Dataset entries

.....

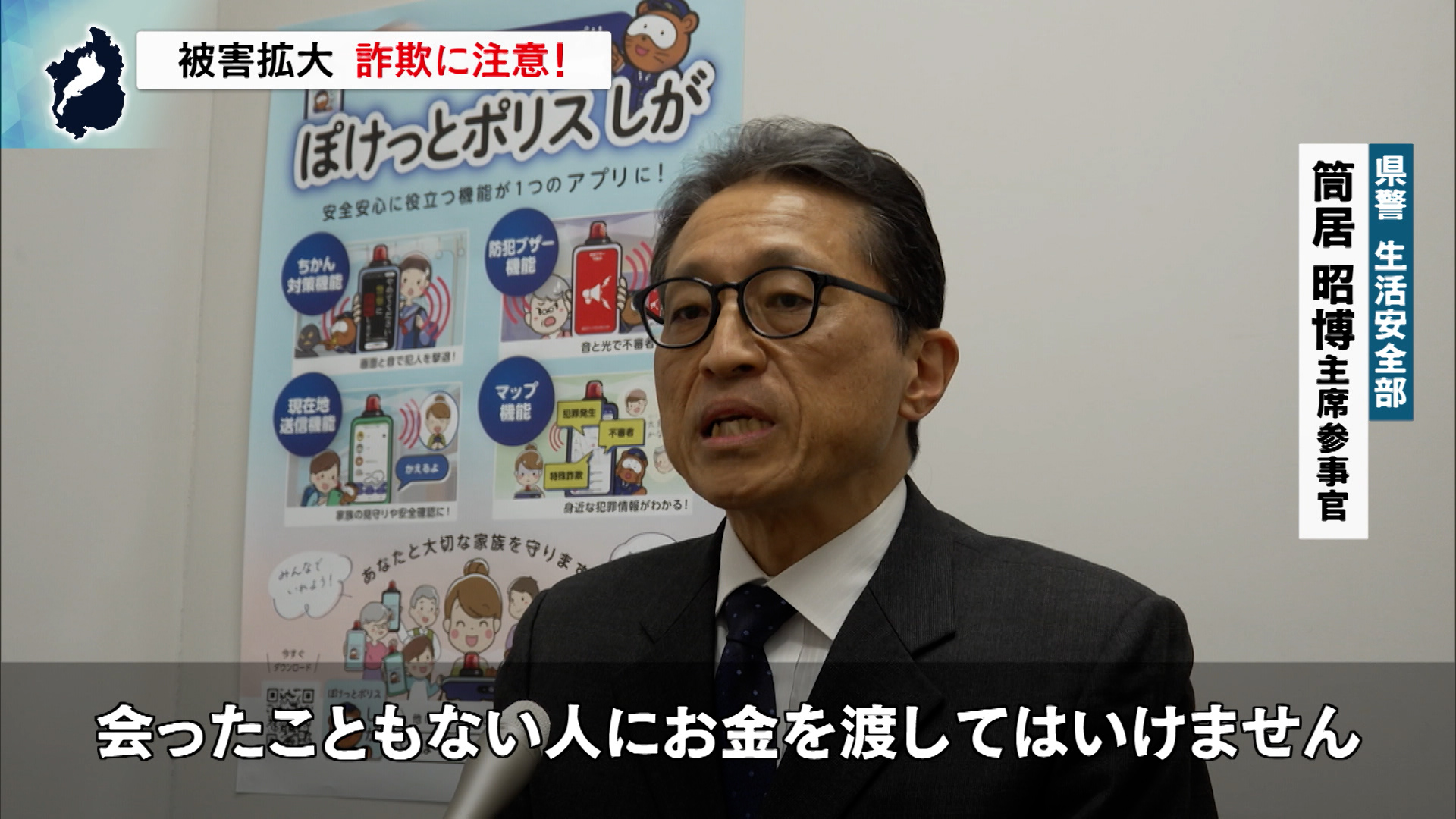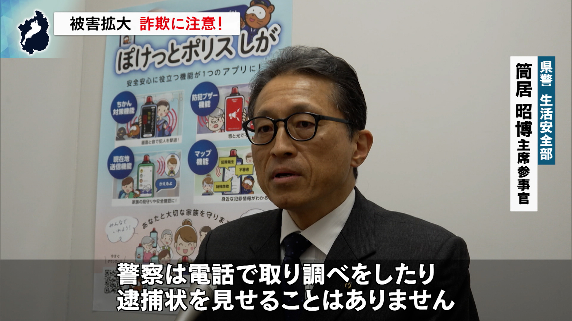 滋賀県警・生活安全部の筒井 主席参事官は「今年は特に、偽警察官が捜査の目的で金銭をだまし取るニセ警察官詐欺が激増しているのですが、警察は電話で取り調べをしたり逮捕状を見せることはありません」
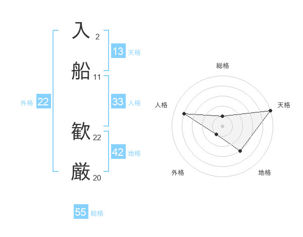 入船 歓厳さんを姓名の画数から五運を鑑定
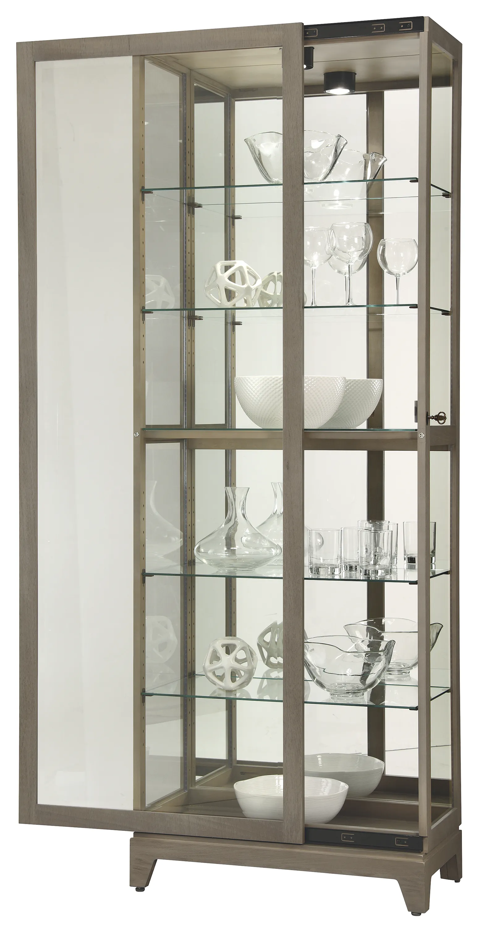 - Showcase your decorative objects with the Luke VI curio cabinet. This distinctive piece provides six levels of display and has an Aged Grey finish to complement any décor. Select Hardwood Construction: This curio cabinet is made from select hardwoods and veneers for durability and style. It has a wire-brushed Aged Grey finish that mimics the weathered appearance of reclaimed wood, along with a glass mirrored back for contemporary flair. Locking Glass Door: The two-way beveled glass door on this curio cabinet slides open for easy access and locks for security. A holder on the back of the case provides handy storage for the key. Plenty of Display Space: There are five adjustable glass shelves and six levels inside this glass display cabinet to accommodate your collectibles. The shelves are kept secure with Pad-Lock™ cushioned metal shelf clips. Interior Lighting: Illuminate your treasures with the lighting inside this curio cabinet. It’s easy to turn on and off with the No-Reach™ roller light switch on the back of the cabinet. Stability on Any Floor: This lighted curio cabinet is equipped with adjustable levelers under each corner, so you can place it on carpets or uneven floors. Howard Miller: Founded in 1926 and still family-owned in its third generation, Howard Miller is the world’s leading clock company and a respected brand name in fine specialty furnishings such as curio cabinets, wine & bar furnishings, custom storage cabinets, and SmartMoves® adjustable height desks.
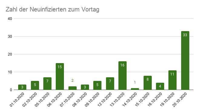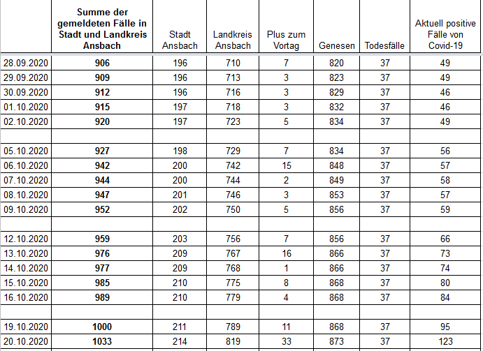Kreis Ansbach, 20.10.2020 – Es gibt insgesamt 1.033 bestätigte Corona-Fälle in Landkreis Ansbach und Stadt Ansbach, ein Plus von 33 Infizierten zum Vortag.
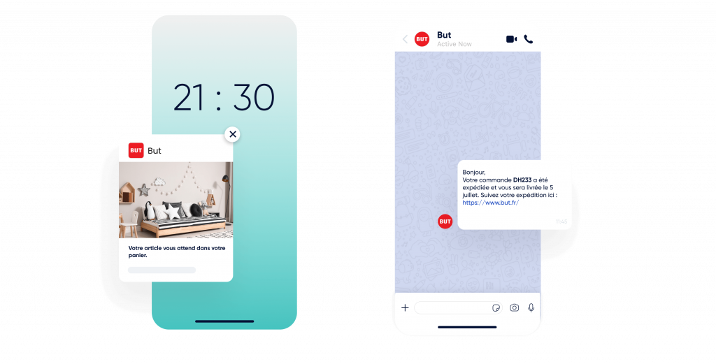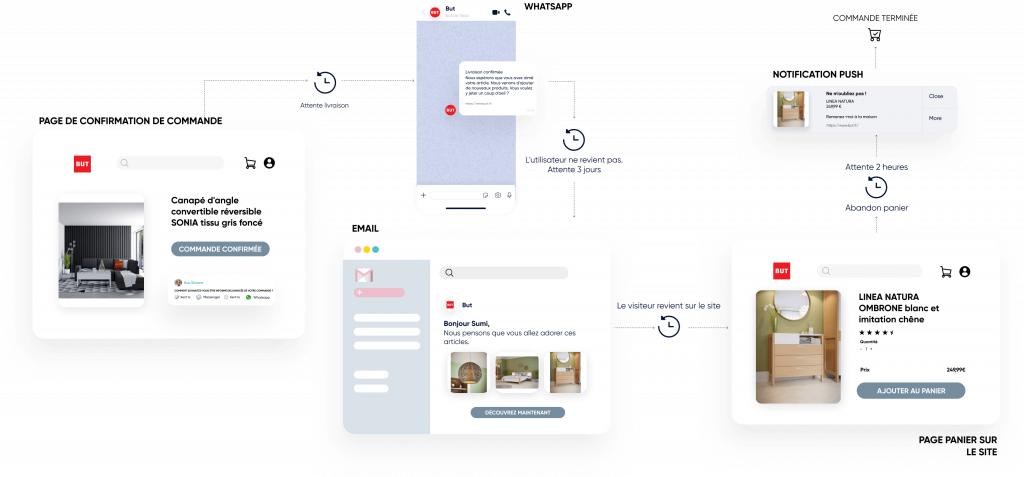 Utilisez les notifications Web Push, WhatsApp, les e-mails et les SMS.
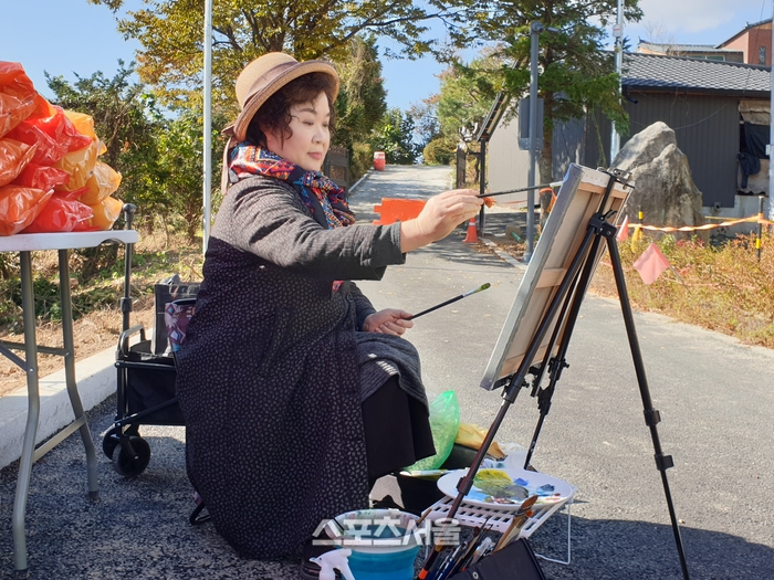 바람이 차갑게 불고, 건조한 날씨로 아크릴 물감이 빨리 말라 칠을 하는 동안 애를 먹기도 하지만 김작가의 표정은 밝기만 하다.
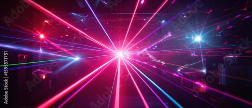 Vibrant laser show with colorful beams in a dark room, creating a dynamic and energetic atmosphere cSticker
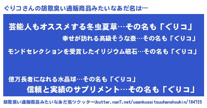 | ヒーロー風カッコイイあだ名 | 『慈愛の使者ぐりコ』『究極戦士グリコ』 |
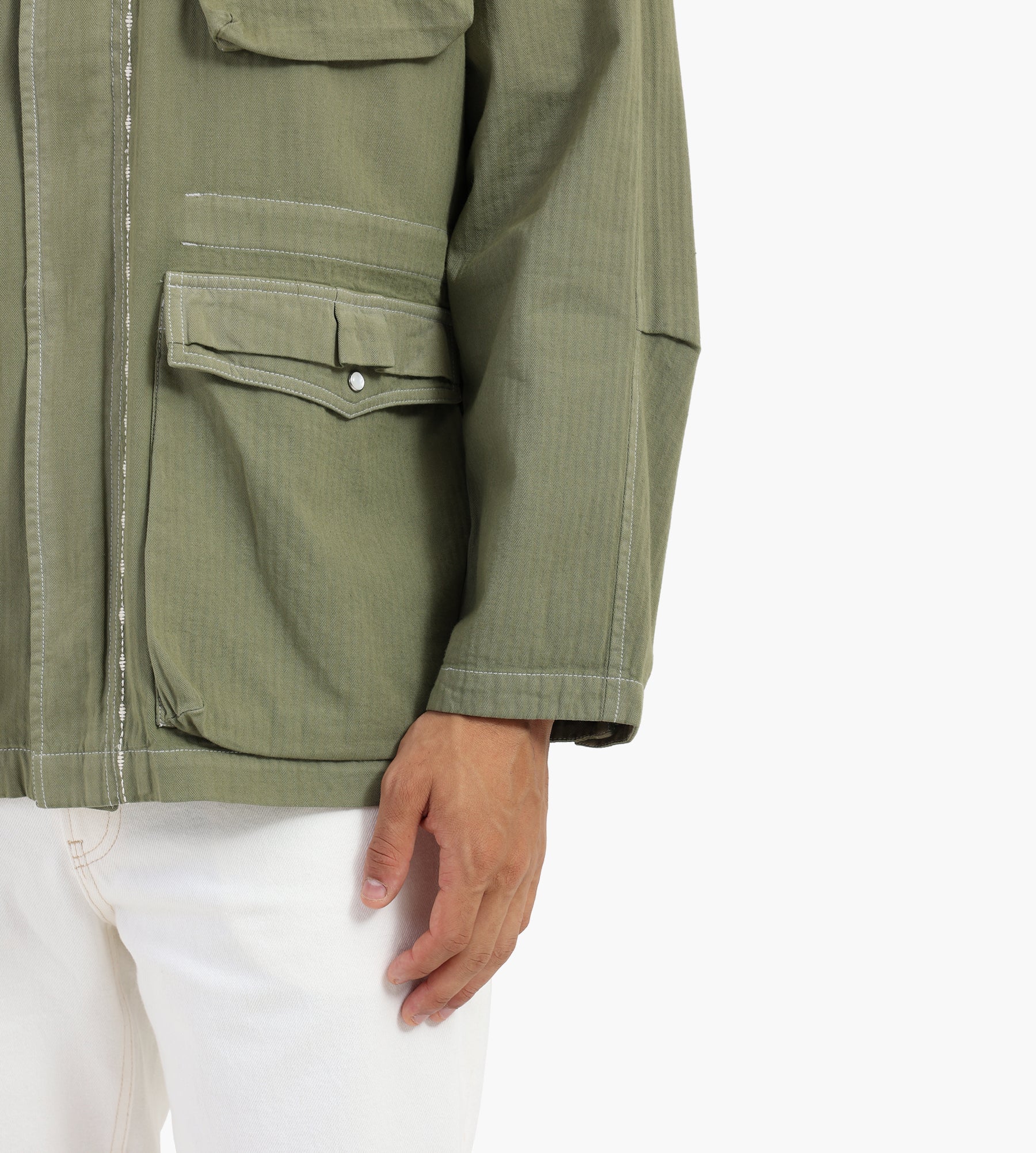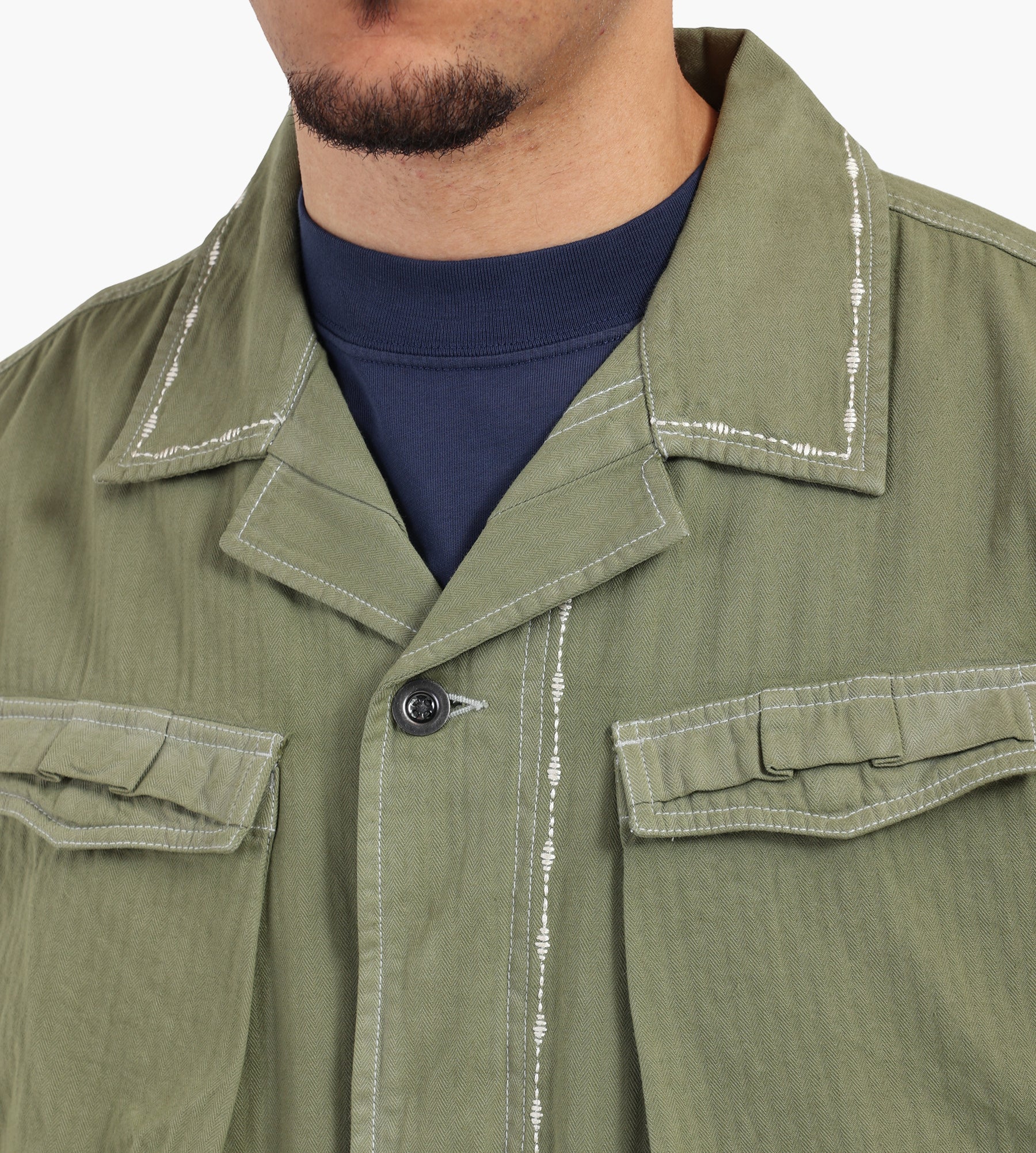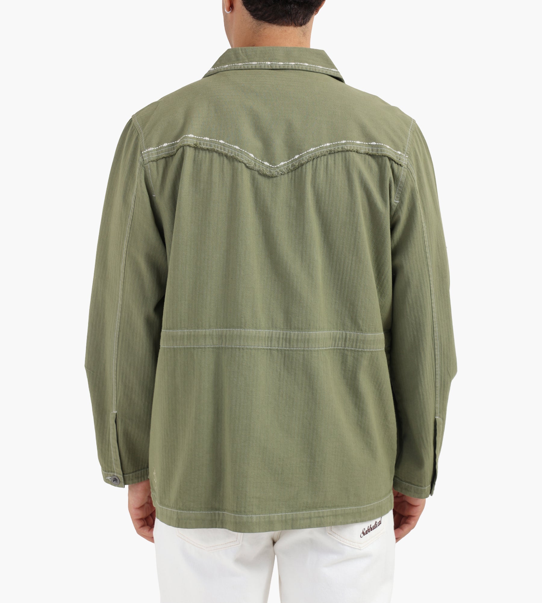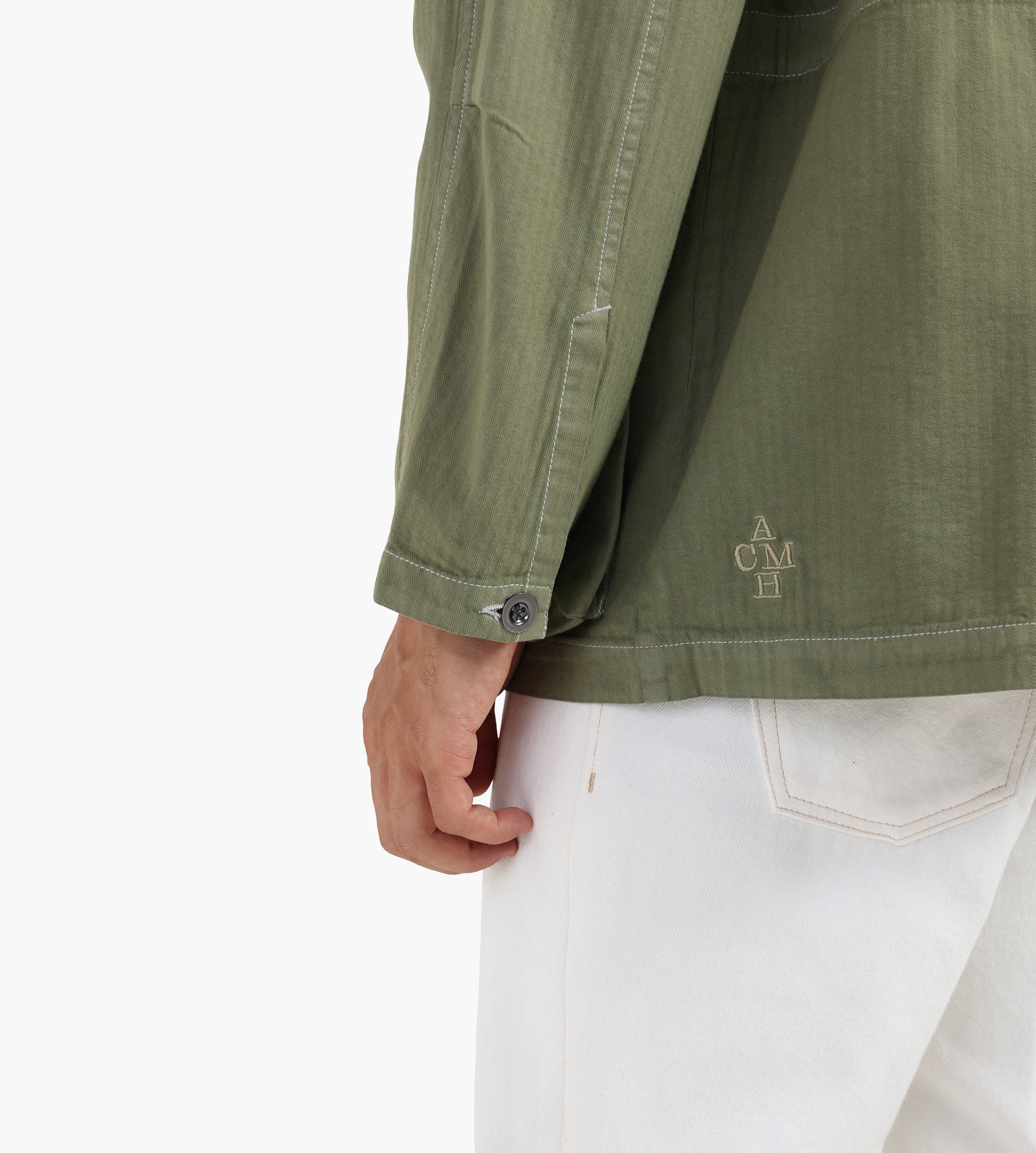 The ACMH by Magic Castles Richmond Field Jacket in Khaki is crafted from 100% cotton with a washed herringbone texture, offering a durable yet breathable layer. Overdyed for a rich, uneven color depth, the jacket balances rugged utility with refined details, including custom rice stitch accents and frayed seam edges.
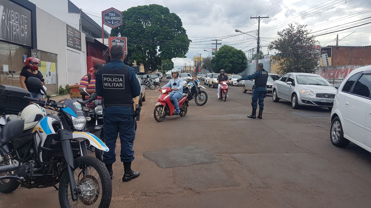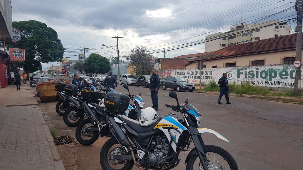 Campo Grande (MS) – Nesta sexta-feira, 19 de janeiro de 2018, o 17º Batalhão de Polícia Militar de Trânsito, realiza operações em diversos pontos da cidade. Cinco motociclistas foram empenhados no centro de Campo Grande, na rua Rui Barbosa em ação de Ponto Base (PB – ação policial de presença em que os agentes de segurança permanecem fixos em pontos estratégicos, com o objetivo de coibir ações criminosas. muito utilizada em locais considerados críticos para aumentar a sensação de segurança de quem passa por ali evidenciando que o policiamento esta presente naquele local).
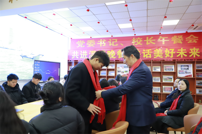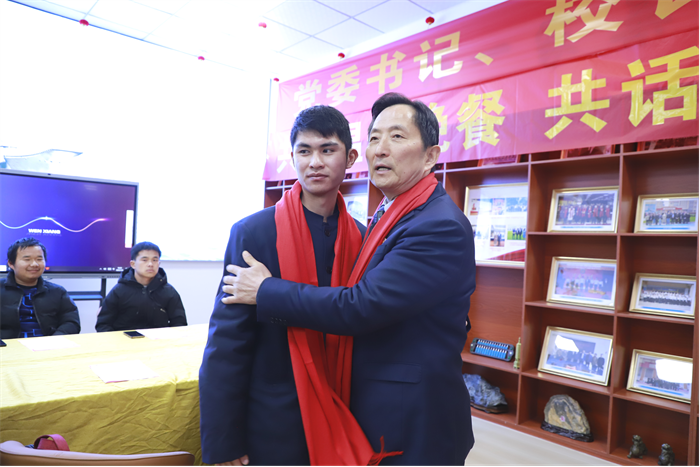 陈老师给每一位同学戴上了温暖的红围巾,送上了爱心礼物,并受邀和学生们热情拥抱。他为大家的梦想和勇敢点赞,激励同学们大胆表达、勇于逐梦,让心更光明,情怀更深厚,努力成为敢于面向未来、能够承担未来的时代星青年。

.....

■ **Task description**
Would you reproduce, exactly and with nothing added, every line from the beginning of the entries above through the line that contains "入船 歓厳さんを姓名の画数から五運を鑑定", both included, leaving out the pictures?

■ **Response area**
 滋賀県警・生活安全部の筒井 主席参事官は「今年は特に、偽警察官が捜査の目的で金銭をだまし取るニセ警察官詐欺が激増しているのですが、警察は電話で取り調べをしたり逮捕状を見せることはありません」
 入船 歓厳さんを姓名の画数から五運を鑑定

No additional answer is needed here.